Dataset entries:
--------
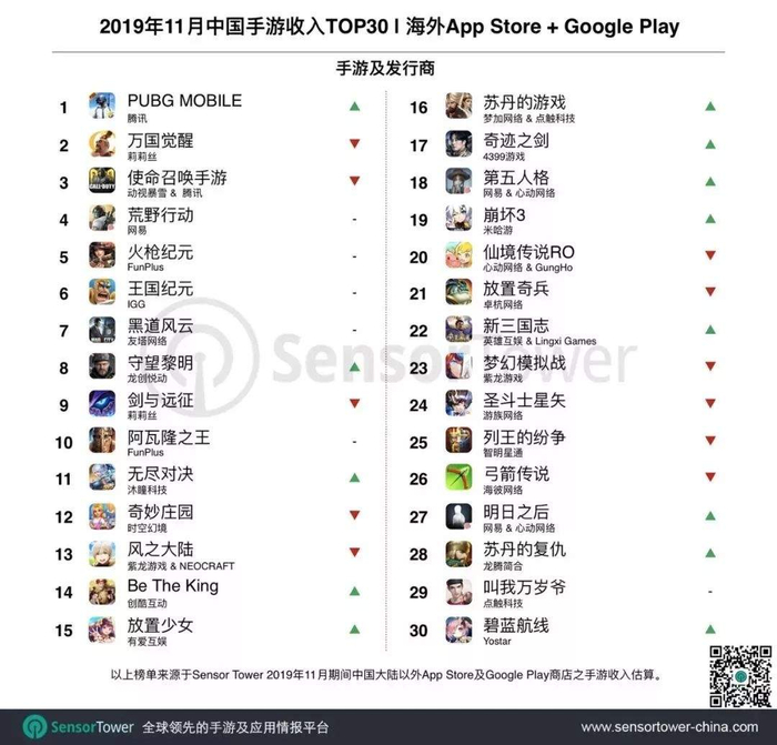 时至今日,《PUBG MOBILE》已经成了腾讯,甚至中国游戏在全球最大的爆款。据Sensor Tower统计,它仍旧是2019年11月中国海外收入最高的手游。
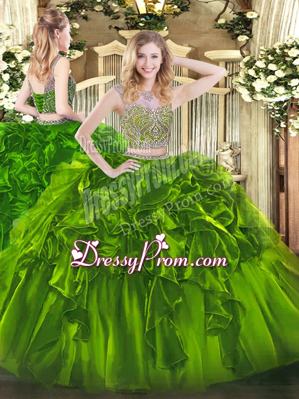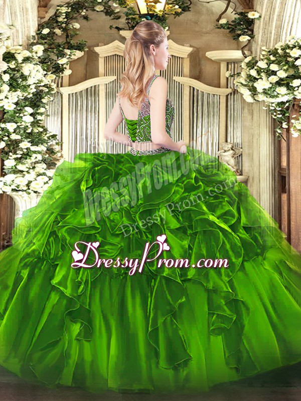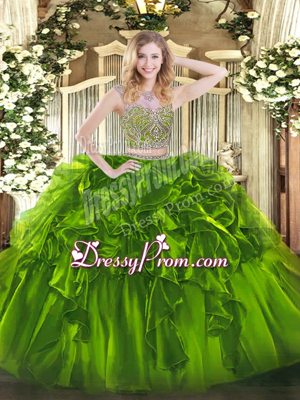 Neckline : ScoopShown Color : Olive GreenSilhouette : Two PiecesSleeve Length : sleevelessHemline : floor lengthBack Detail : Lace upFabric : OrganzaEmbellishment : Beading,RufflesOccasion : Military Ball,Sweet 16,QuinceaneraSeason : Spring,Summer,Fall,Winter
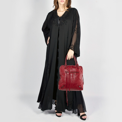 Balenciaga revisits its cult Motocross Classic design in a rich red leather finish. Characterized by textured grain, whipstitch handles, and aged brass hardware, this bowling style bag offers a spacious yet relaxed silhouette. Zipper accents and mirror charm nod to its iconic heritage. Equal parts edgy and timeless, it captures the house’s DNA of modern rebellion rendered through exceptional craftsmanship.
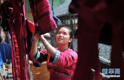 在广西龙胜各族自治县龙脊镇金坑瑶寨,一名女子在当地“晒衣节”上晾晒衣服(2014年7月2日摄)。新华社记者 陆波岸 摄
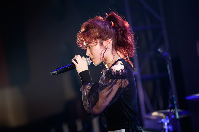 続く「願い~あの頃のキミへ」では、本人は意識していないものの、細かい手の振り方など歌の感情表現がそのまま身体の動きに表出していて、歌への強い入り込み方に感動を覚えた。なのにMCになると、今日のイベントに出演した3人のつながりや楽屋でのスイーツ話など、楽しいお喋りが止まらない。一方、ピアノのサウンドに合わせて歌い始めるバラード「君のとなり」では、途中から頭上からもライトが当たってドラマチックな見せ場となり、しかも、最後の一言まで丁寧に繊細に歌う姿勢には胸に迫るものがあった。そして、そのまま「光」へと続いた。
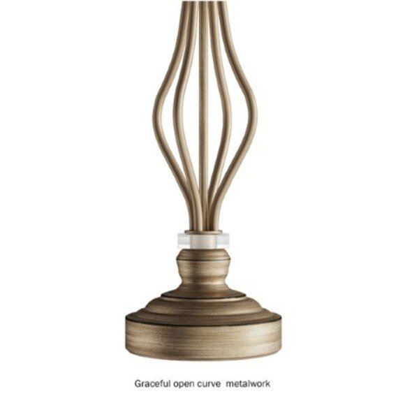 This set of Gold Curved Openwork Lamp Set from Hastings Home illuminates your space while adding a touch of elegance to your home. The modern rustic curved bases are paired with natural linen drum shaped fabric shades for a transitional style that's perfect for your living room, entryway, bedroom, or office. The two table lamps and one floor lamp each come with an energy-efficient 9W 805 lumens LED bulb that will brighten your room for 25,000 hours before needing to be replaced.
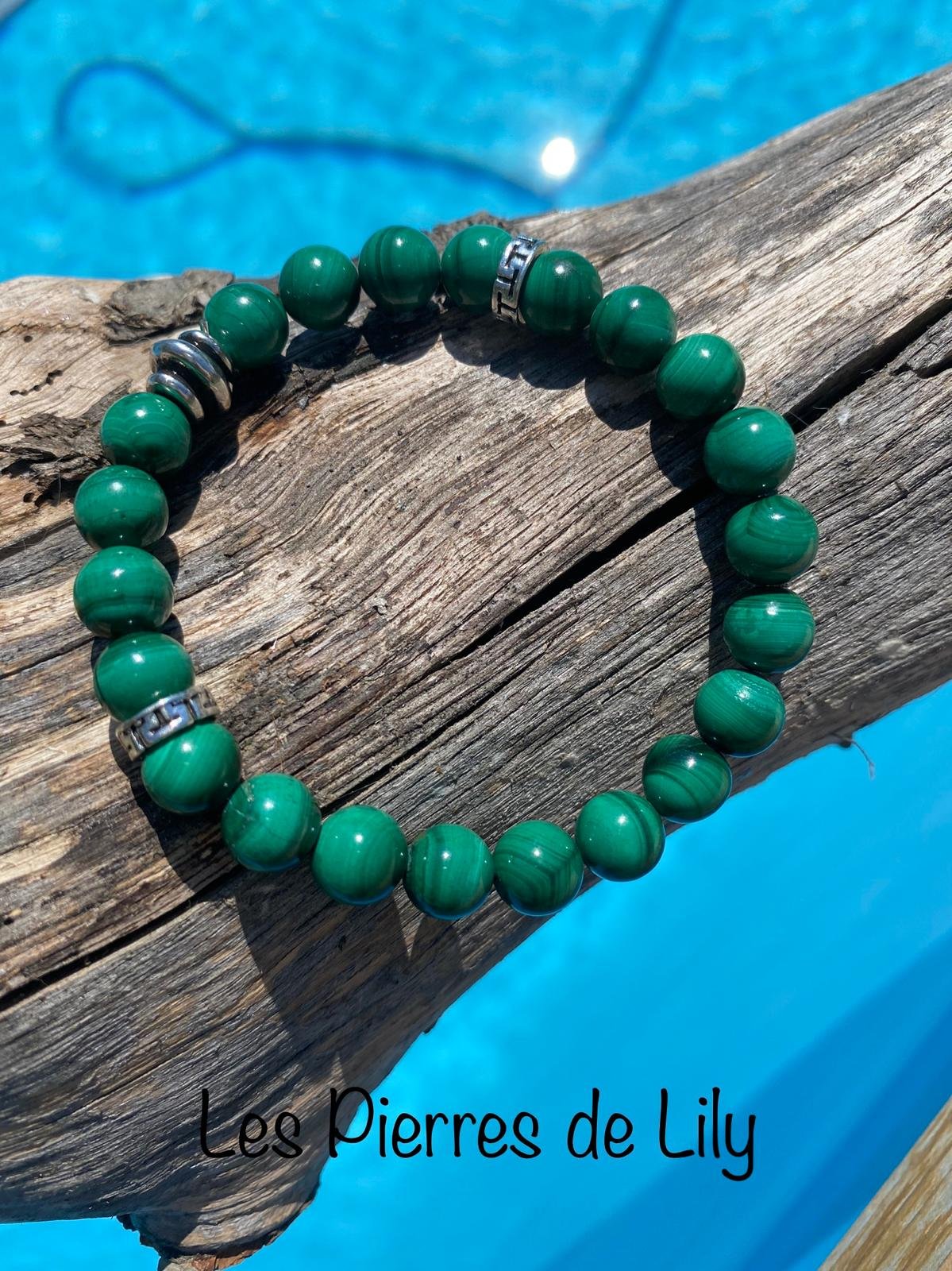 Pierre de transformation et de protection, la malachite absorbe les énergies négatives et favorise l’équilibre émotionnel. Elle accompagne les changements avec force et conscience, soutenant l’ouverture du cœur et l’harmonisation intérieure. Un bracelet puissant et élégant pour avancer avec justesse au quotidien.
--------
## What this task involves:
Leaving out every picture, repeat the records above exactly as they stand.

## Reply to the exercise:
 时至今日,《PUBG MOBILE》已经成了腾讯,甚至中国游戏在全球最大的爆款。据Sensor Tower统计,它仍旧是2019年11月中国海外收入最高的手游。
 Neckline : ScoopShown Color : Olive GreenSilhouette : Two PiecesSleeve Length : sleevelessHemline : floor lengthBack Detail : Lace upFabric : OrganzaEmbellishment : Beading,RufflesOccasion : Military Ball,Sweet 16,QuinceaneraSeason : Spring,Summer,Fall,Winter
 Balenciaga revisits its cult Motocross Classic design in a rich red leather finish. Characterized by textured grain, whipstitch handles, and aged brass hardware, this bowling style bag offers a spacious yet relaxed silhouette. Zipper accents and mirror charm nod to its iconic heritage. Equal parts edgy and timeless, it captures the house’s DNA of modern rebellion rendered through exceptional craftsmanship.
 在广西龙胜各族自治县龙脊镇金坑瑶寨,一名女子在当地“晒衣节”上晾晒衣服(2014年7月2日摄)。新华社记者 陆波岸 摄
 続く「願い~あの頃のキミへ」では、本人は意識していないものの、細かい手の振り方など歌の感情表現がそのまま身体の動きに表出していて、歌への強い入り込み方に感動を覚えた。なのにMCになると、今日のイベントに出演した3人のつながりや楽屋でのスイーツ話など、楽しいお喋りが止まらない。一方、ピアノのサウンドに合わせて歌い始めるバラード「君のとなり」では、途中から頭上からもライトが当たってドラマチックな見せ場となり、しかも、最後の一言まで丁寧に繊細に歌う姿勢には胸に迫るものがあった。そして、そのまま「光」へと続いた。
 This set of Gold Curved Openwork Lamp Set from Hastings Home illuminates your space while adding a touch of elegance to your home. The modern rustic curved bases are paired with natural linen drum shaped fabric shades for a transitional style that's perfect for your living room, entryway, bedroom, or office. The two table lamps and one floor lamp each come with an energy-efficient 9W 805 lumens LED bulb that will brighten your room for 25,000 hours before needing to be replaced.
 Pierre de transformation et de protection, la malachite absorbe les énergies négatives et favorise l’équilibre émotionnel. Elle accompagne les changements avec force et conscience, soutenant l’ouverture du cœur et l’harmonisation intérieure. Un bracelet puissant et élégant pour avancer avec justesse au quotidien.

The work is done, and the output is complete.